• [PROBLEM] Each line between the one holding "Закройте вкусный бутерброд" and the end of the material below, both included, is to be transcribed word for word, with pictures left out.

• [DATA FOR THIS EXERCISE]

──────

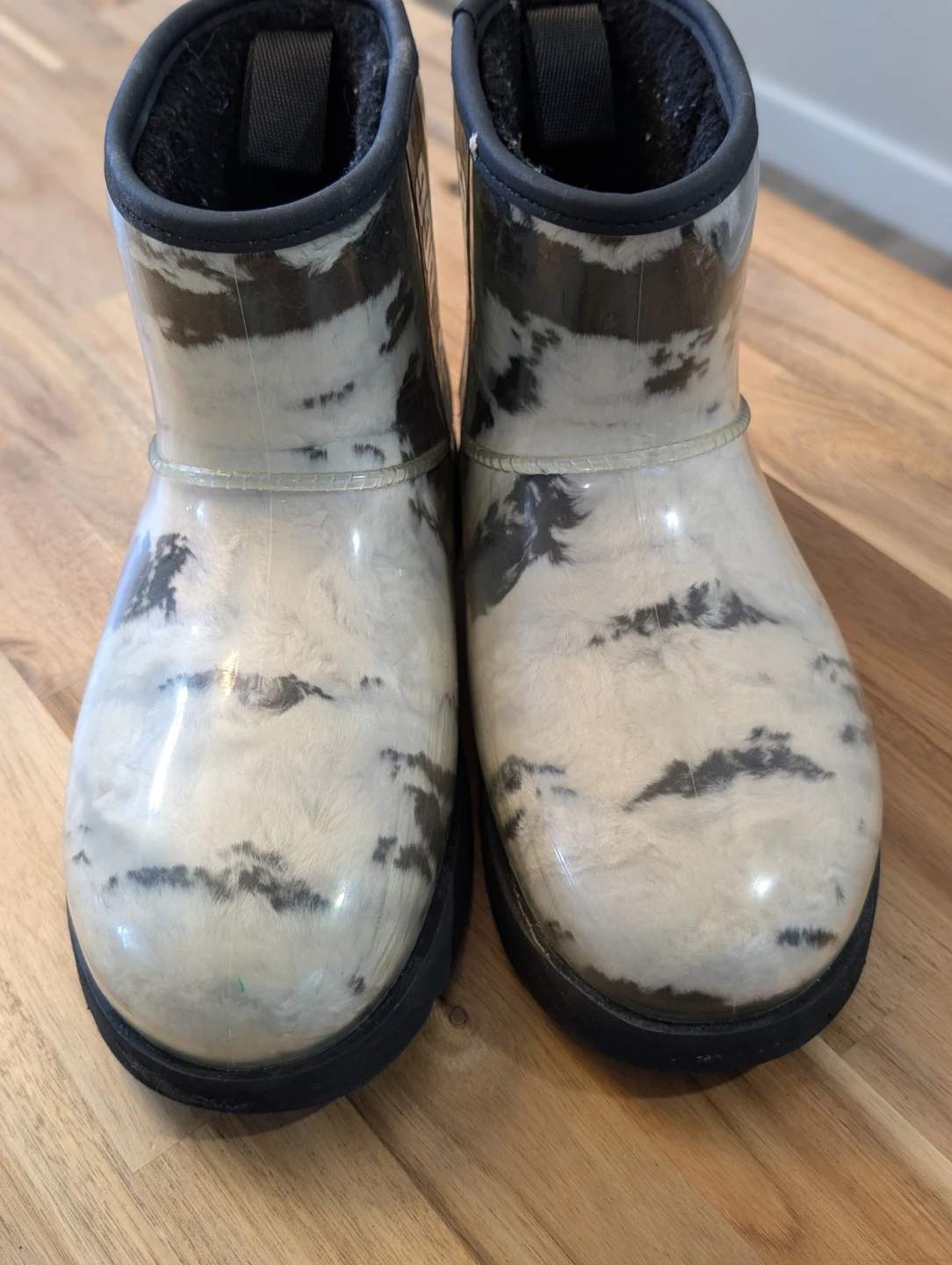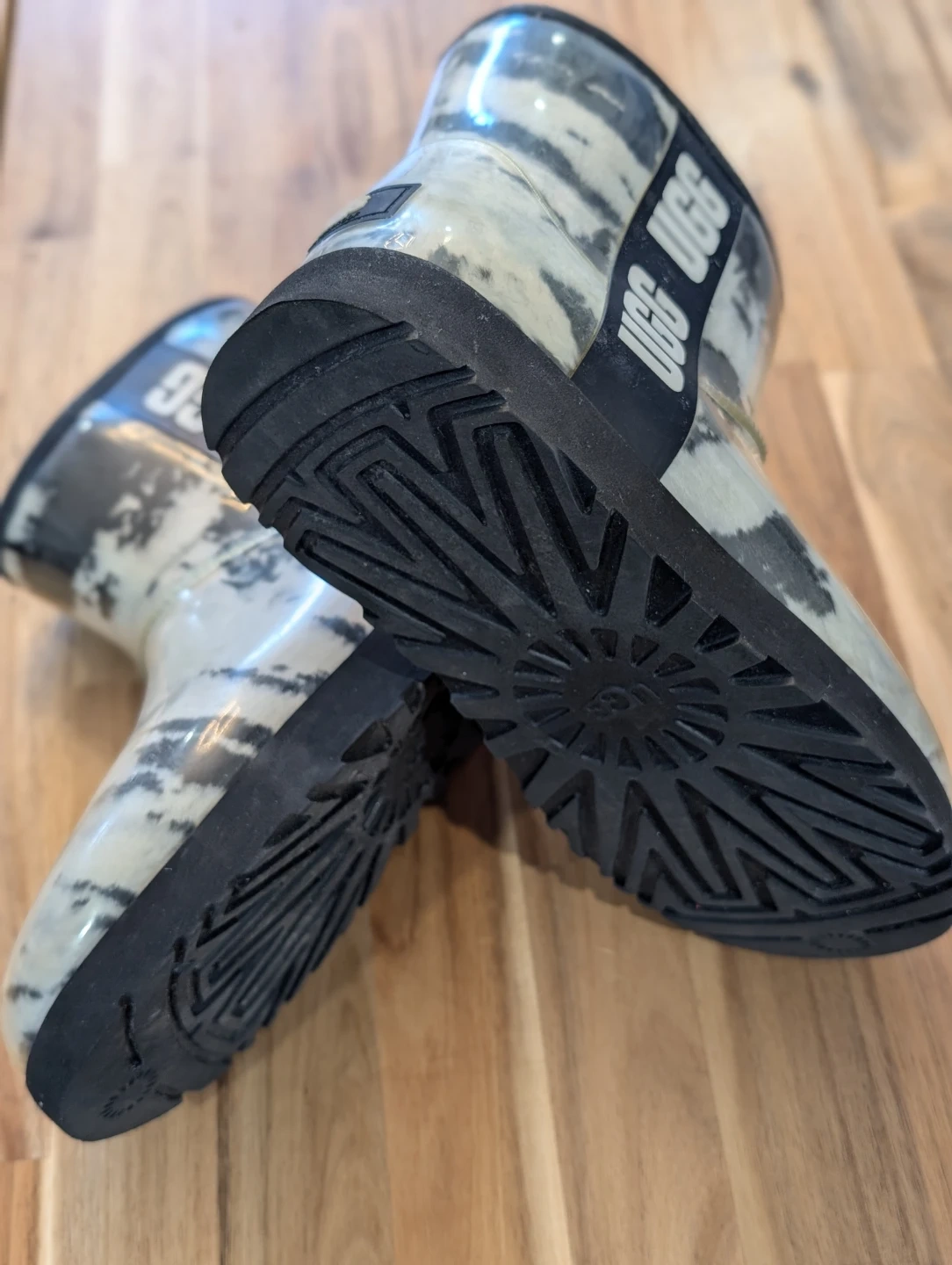 These UGG boots were only worn a couple times. The tread and sole are like Brand New! These UGG boots are waterproof and feature a clear outer shell with a black and white pattern. They have the UGG logo on the side and heel. The interior is lined for warmth.
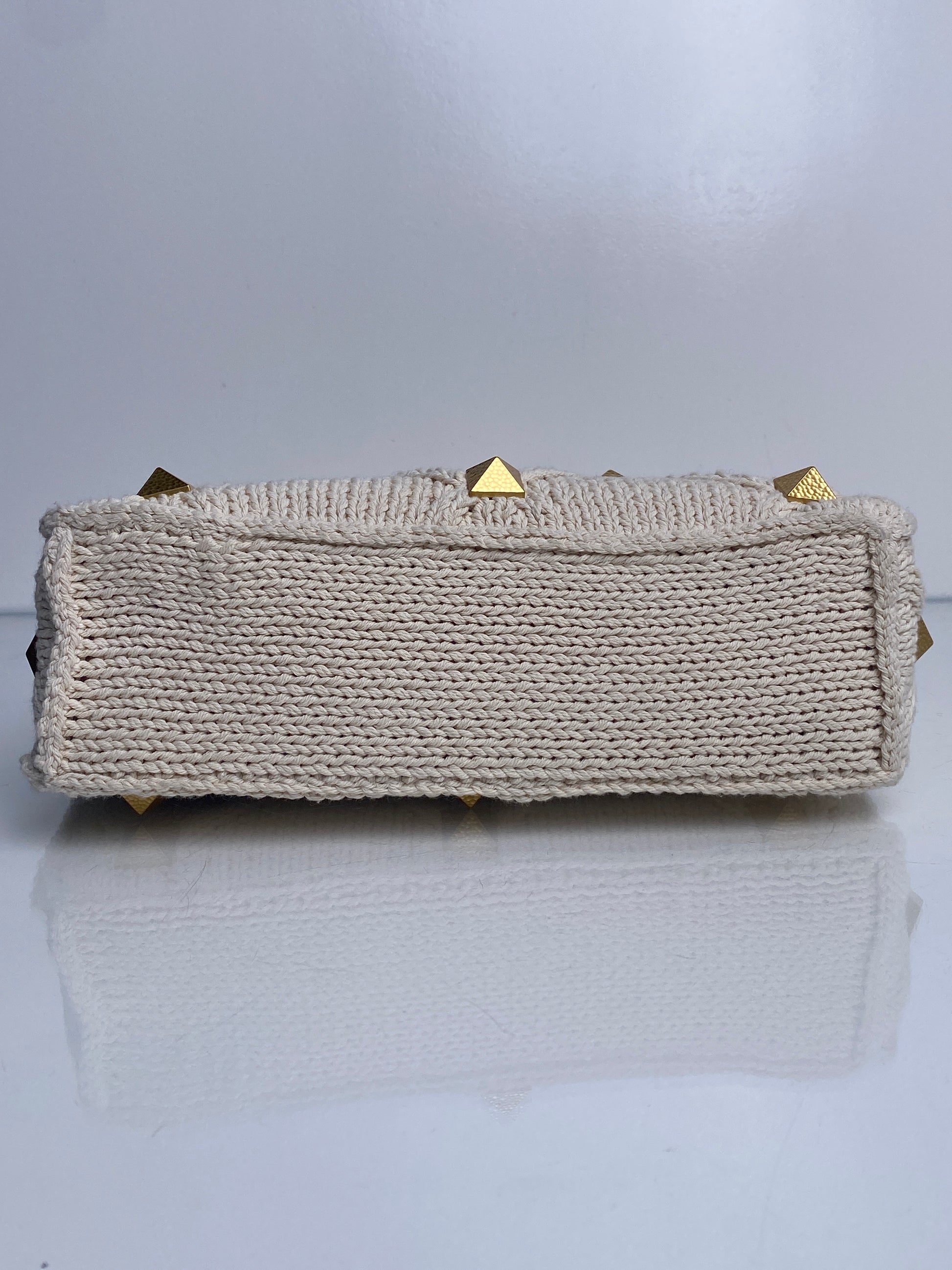 Valentino Cream Knit Roman Stud Medium Bag GHW
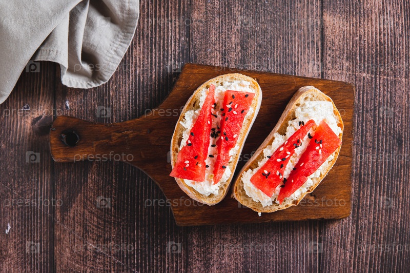 Закройте вкусный бутерброд с рикотой, арбузом и кунжутными семенами на верхний вид
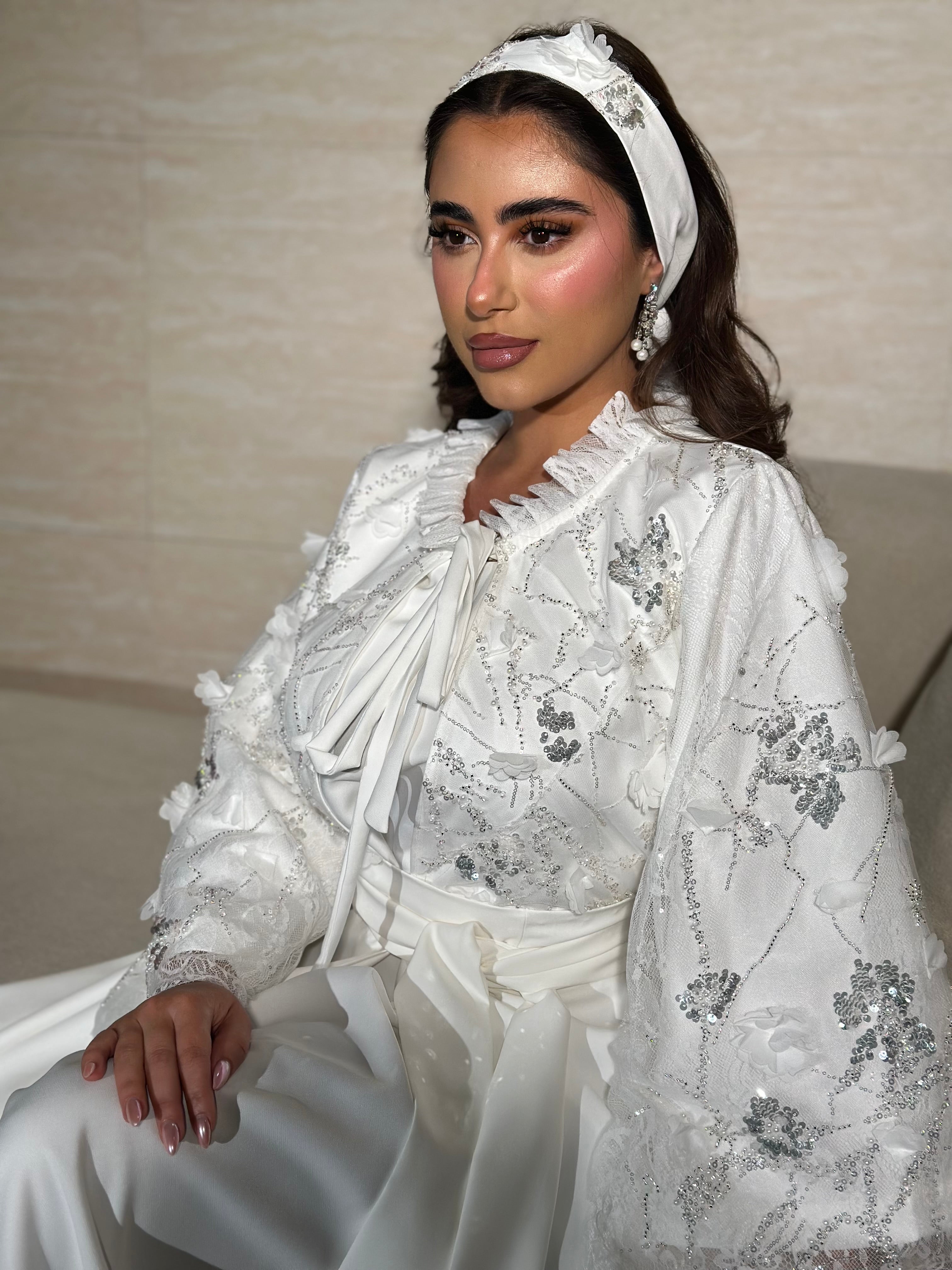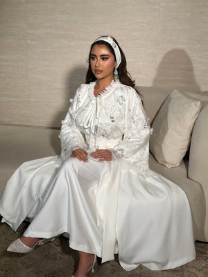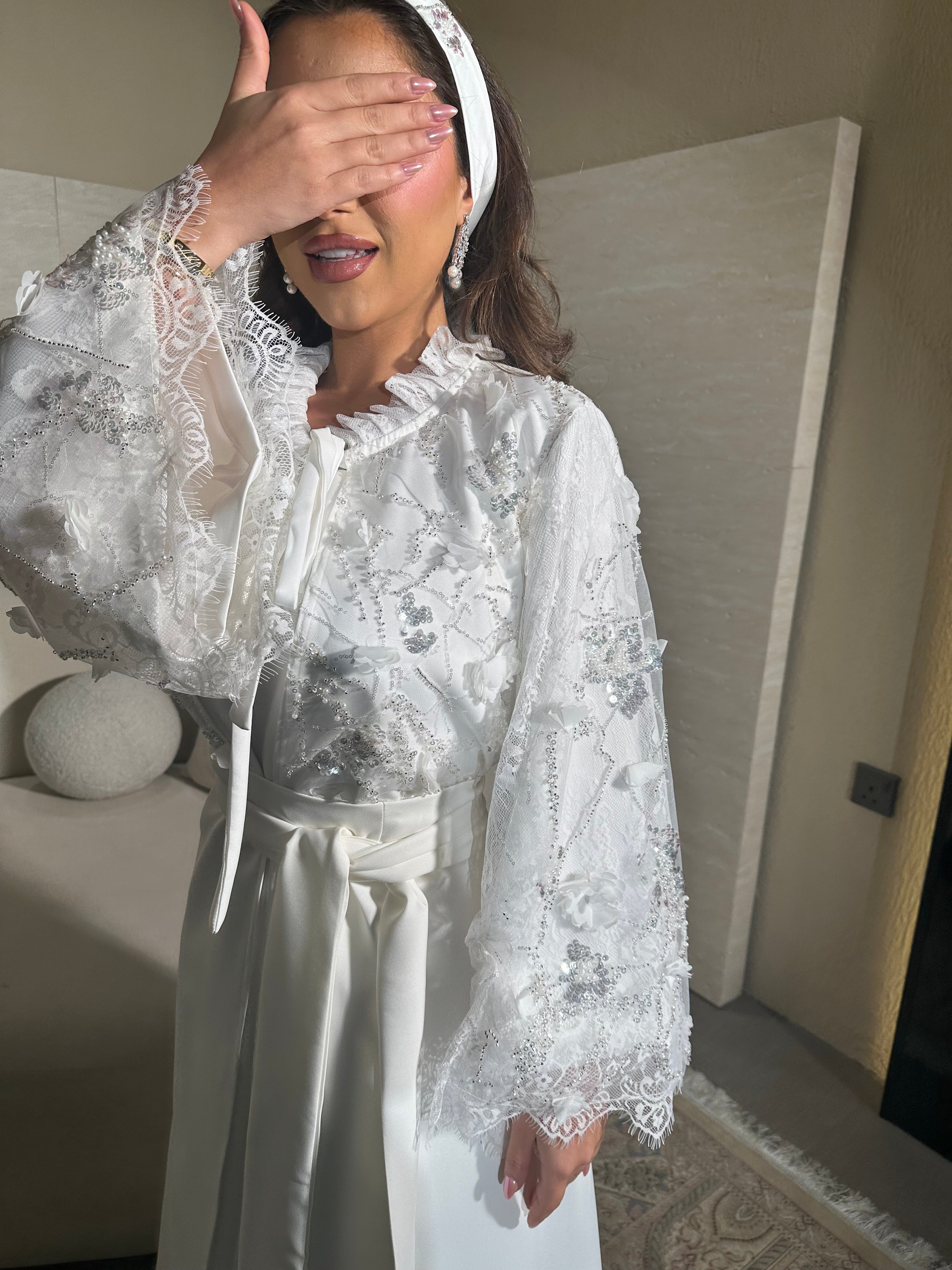 روب قطعتين الداخليه درس كريب الروب شيفون باللون اللوف وايت مع دانتيل وخام مشكوك
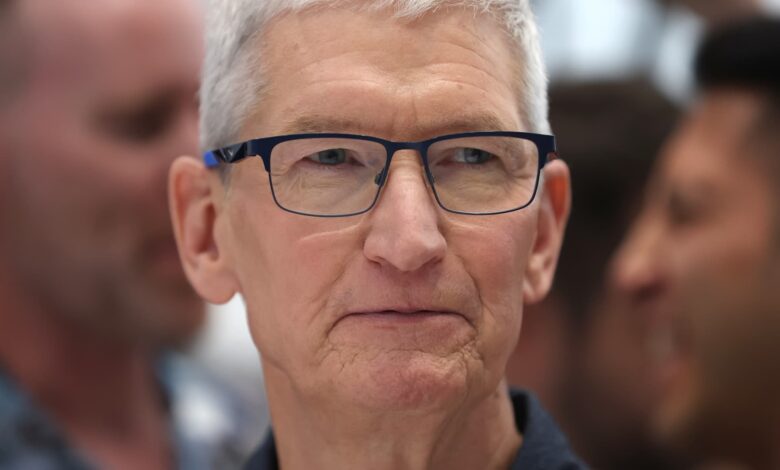 يقوم تيم كوك ، الرئيس التنفيذي لشركة Apple ، بفحص iPhone 16 الجديد خلال حدث Apple الخاص في مقر Apple في 09 سبتمبر 2024 في كوبرتينو ، كاليفورنيا.
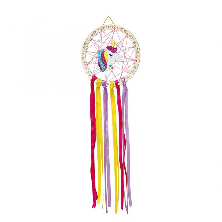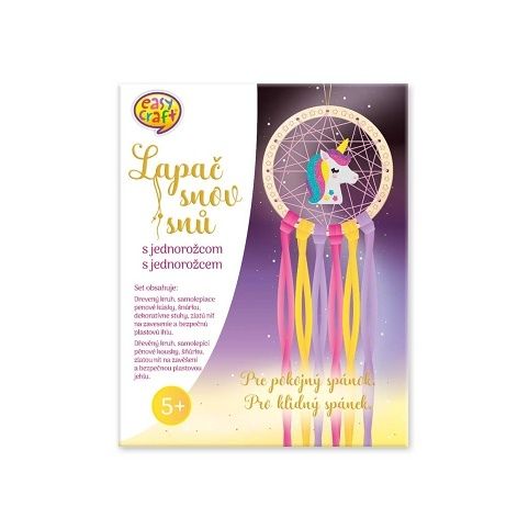 Vyrobte si lapač snů s obrázkem jednorožce, který si Vaše dítě samostatně vyrobí. Tato kreativní sada podporuje motoriku, budou z ní mít radost. Užijte si zábavu s vašimi dětmi. Vhodné pro děti od 5 let.

──────

• [FINAL ANSWER]
 Закройте вкусный бутерброд с рикотой, арбузом и кунжутными семенами на верхний вид
 روب قطعتين الداخليه درس كريب الروب شيفون باللون اللوف وايت مع دانتيل وخام مشكوك
 يقوم تيم كوك ، الرئيس التنفيذي لشركة Apple ، بفحص iPhone 16 الجديد خلال حدث Apple الخاص في مقر Apple في 09 سبتمبر 2024 في كوبرتينو ، كاليفورنيا.
 Vyrobte si lapač snů s obrázkem jednorožce, který si Vaše dítě samostatně vyrobí. Tato kreativní sada podporuje motoriku, budou z ní mít radost. Užijte si zábavu s vašimi dětmi. Vhodné pro děti od 5 let.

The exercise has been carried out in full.